De voorzieningenrechter heeft in zijn overwegingen vastgesteld dat het hoger beroep niet leidt tot vernietiging van de uitspraak van de rechtbank. De vreemdeling had in zijn vierde grief een beroep gedaan op artikel 8 van het Europees Verdrag voor de Rechten van de Mens (EVRM), maar de rechtbank had terecht geoordeeld dat de door de vreemdeling aangevoerde argumenten niet voldoende concreet waren om te toetsen of zijn uitzetting in strijd zou zijn met dit artikel. De vreemdeling werd geadviseerd om een reguliere verblijfsvergunning aan te vragen.
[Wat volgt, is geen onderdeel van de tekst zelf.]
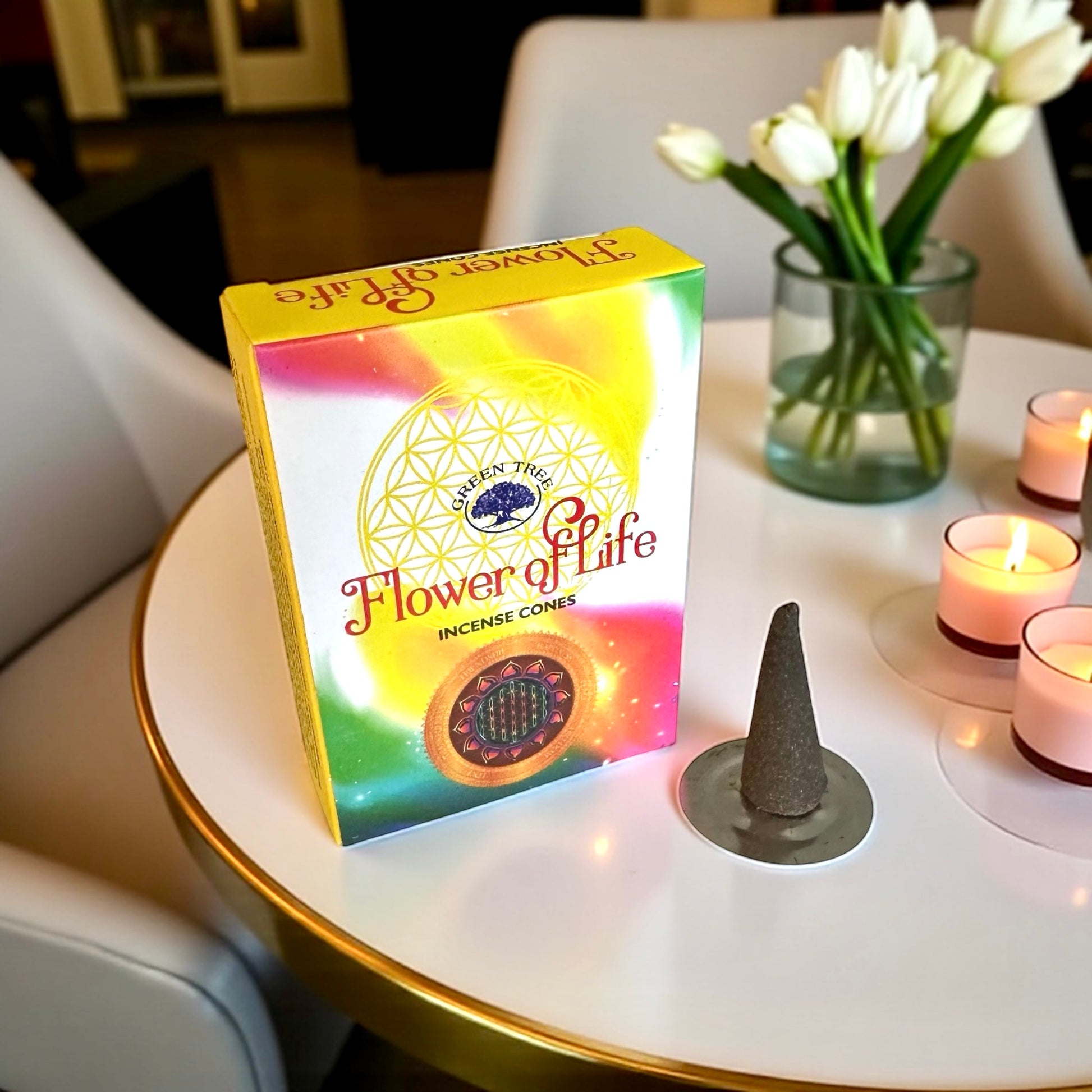 Apportez harmonie, lumière et paix dans votre espace avec les Encens en Cônes Green Tree – Fleur de Vie.
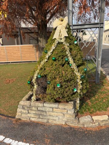 小幡建設本社の入口の木がクリスマスツリーになりました。

De voorzieningenrechter heeft geconcludeerd dat het hoger beroep ongegrond is en de uitspraak van de rechtbank bevestigt. Het verzoek om een voorlopige voorziening is afgewezen, en de staatssecretaris hoeft geen proceskosten te vergoeden. De uitspraak is openbaar uitgesproken op 4 juli 2023.